Connecticut, one of 14 states that have adopted California’s clean-air standards, has set a goal of putting 300,000 zero-emission and hybrid vehicles on the state’s roads by 2025. To further that aim, it has established an incentive program with a new wrinkle: instead of having to apply for a rebate after buying a new vehicle, consumers receive “cash on the hood.”
The Connecticut Hydrogen and Electric Automobile Purchase Rebate (CHEAPR) program has budgeted $1 million for rebates of $750 to $3,000 per electrified vehicle, depending on battery size. In another twist, car dealers get to keep $150 to $300 of each rebate, in order to motivate salespeople to promote plug-ins.
“We’re a small state, but we have some big ideas, and maybe we can show California how to do this,” said Jim Fleming, President of the Connecticut Automotive Retailers Association. “It’s a bit of an experiment. We decided to model it on what works.

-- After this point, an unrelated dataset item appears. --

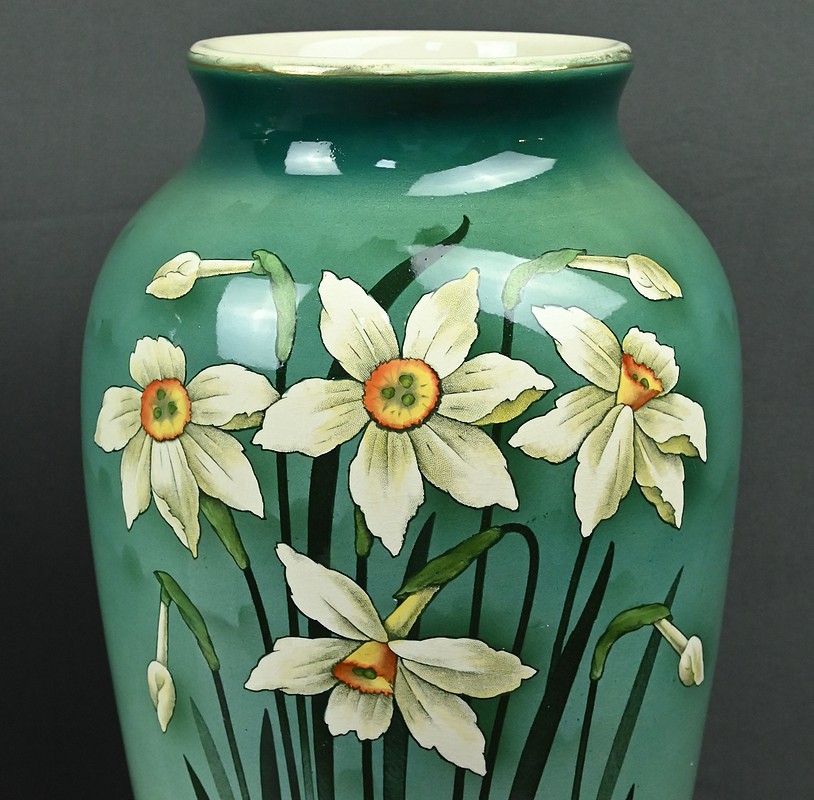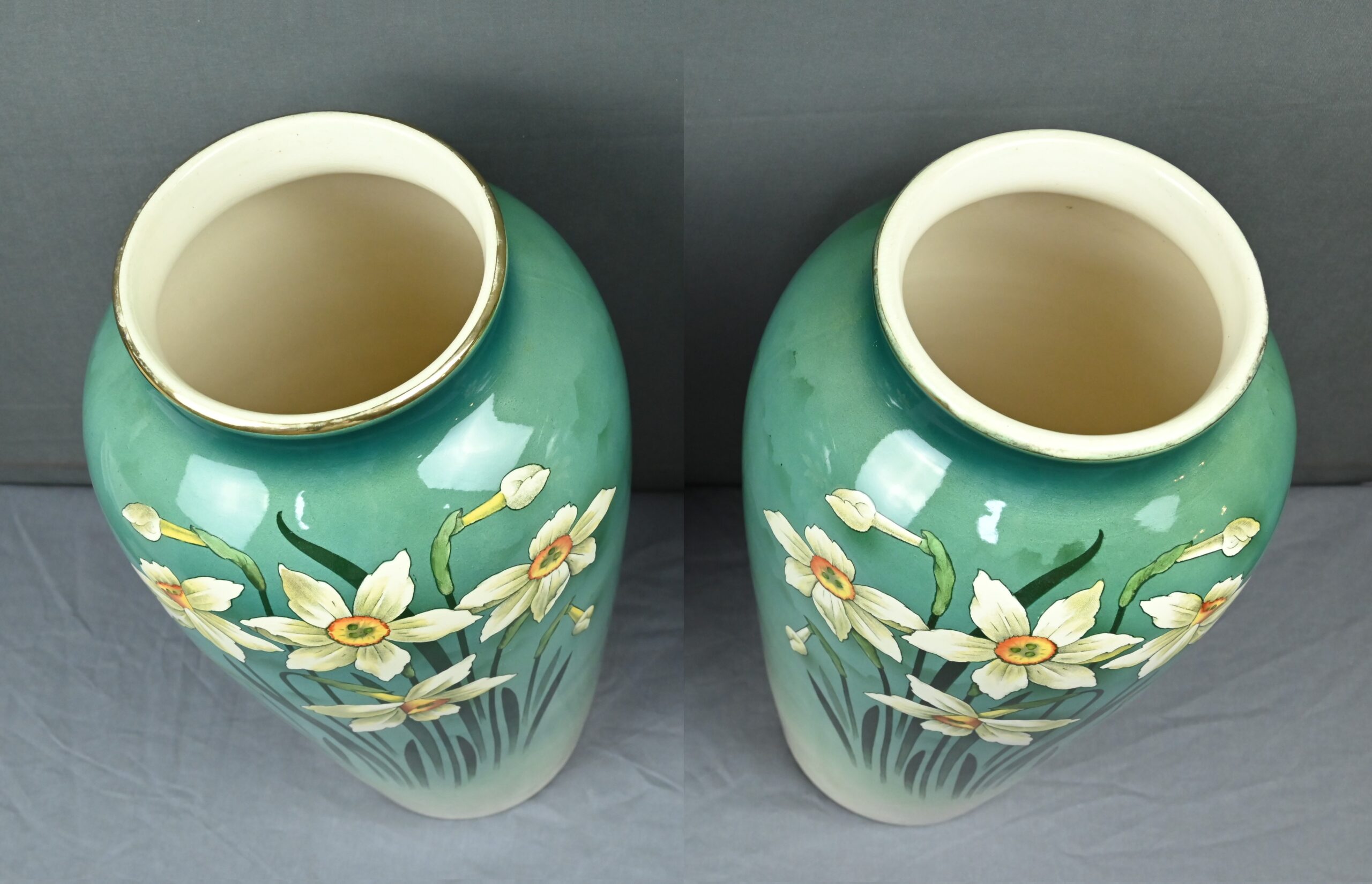Chaque vase présente une silhouette élancée et harmonieuse, avec une base légèrement évasée qui s’affine vers le col, mettant en valeur le décor. Sur le fond dégradé allant du vert émeraude au blanc ivoire, se détache un motif de jonquilles aux pétales clairs et au cœurs jaunes orangés, accompagnés de longues tiges et feuilles vertes. Le style est naturaliste, typique de l’Art Nouveau, avec une attention particulière portée aux détails botaniques. Ce décor est peint sous l’émail donnant aux couleurs leur éclat et leur profondeur. La faïence utilisée est fine et parfaitement cuite, témoignant de la qualité des productions de Fives-Lille.

And what works is what manufacturers do now when they want to provide an incentive. Cash on the hood makes consumers want to buy the car because they see the immediate benefit.”
The CHEAPR program started in May, and about 125 EVs and plug-in hybrids had claimed rebates through July.

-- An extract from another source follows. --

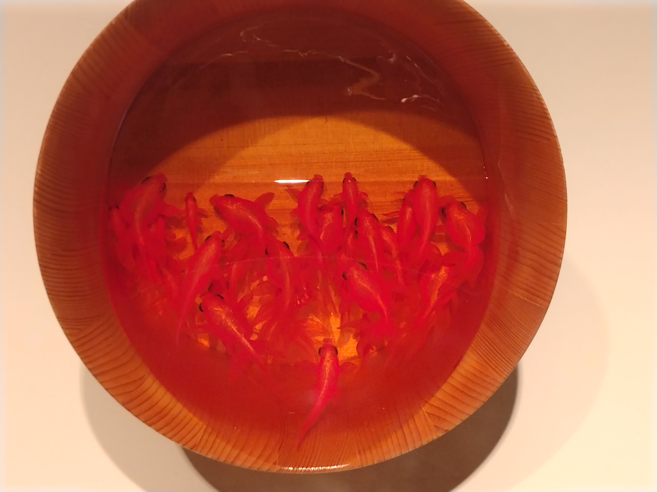 7月28日まで福井市美術館で開催されていた、「金魚絵師」深堀隆介展を見に行った。これでも若い頃?は美術工芸に大いに興味があって、わりと見に行っている方だったが、ここ何年かは行ったことが無かった。妻へ見に行くか!と声かけると、この深堀展には行きたかったようだ。創作に行き詰って、金魚を題材として描くことにたどり着くまで、苦しみがあったと思う。私も魚の「渓流魚」メインでの創作を続けていますが、試行錯誤が長く続くとそれは苦しい。でも深堀さんが陥った深い苦しみには比較できるものではない。その深みから見事に生還されたことが、「金魚絵師」として世界的に認められた道筋につながったと思う。今、私は、楽しみながら魚を描いたり作ったり出来ている。自分だけのオリジナル技法?もあると思う。でもそれはちょっと努力すれば掴めるものだろう。だけど、同じ魚の世界で、これだけ苦しみを乗り越え、自己研鑽を継続している深堀さんには近づけない。素晴らしいと思うしかない。久しぶりに行った美術展でしたが、64歳の年金をもらう年になった自分は、このままで良いとしか思えない。ハングリー精神も足りないのだ。
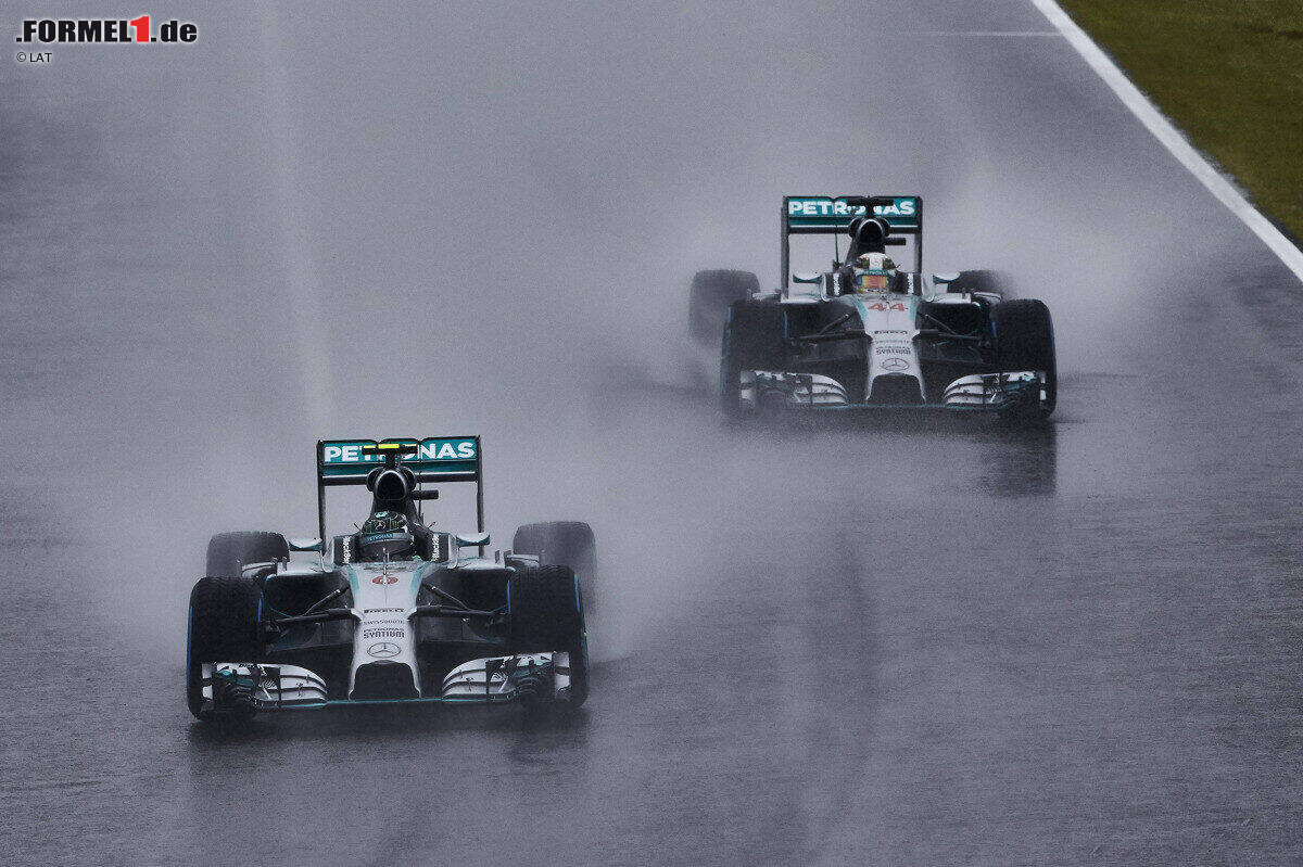 Der von Startplatz zwei neben seinem Teamkollegen ins Rennen gegangene Hamilton zog auf regennasser Piste in Runde 29 am Ende der Start/Ziel-Geraden vorbei und fuhr anschließend ungefährdet zu seinem achten Saisonsieg. Polesetter Rosberg kämpfte mit starkem Übersteuern und hatte dem WM-Spitzenreiter nichts entgegenzusetzen.

New London Mercedes-Benz dealer Jeff Aiosa quickly sold out of the B-class Electric Drive when the program started. “We weren’t selling them heavily before,” Aiosa said. “The program certainly created some amped-up demand.”
New Canaan Chevrolet dealer Leo Karl believes the rebates will expire by fall because of increased sales. He has sold nine 2015 Volts under the program, and expects his remaining Volts to move soon. “CHEAPR just makes it more understandable at the consumer level because it’s money on the hood,” Karl said. “That is why it’s helping more people take a look at EVs.”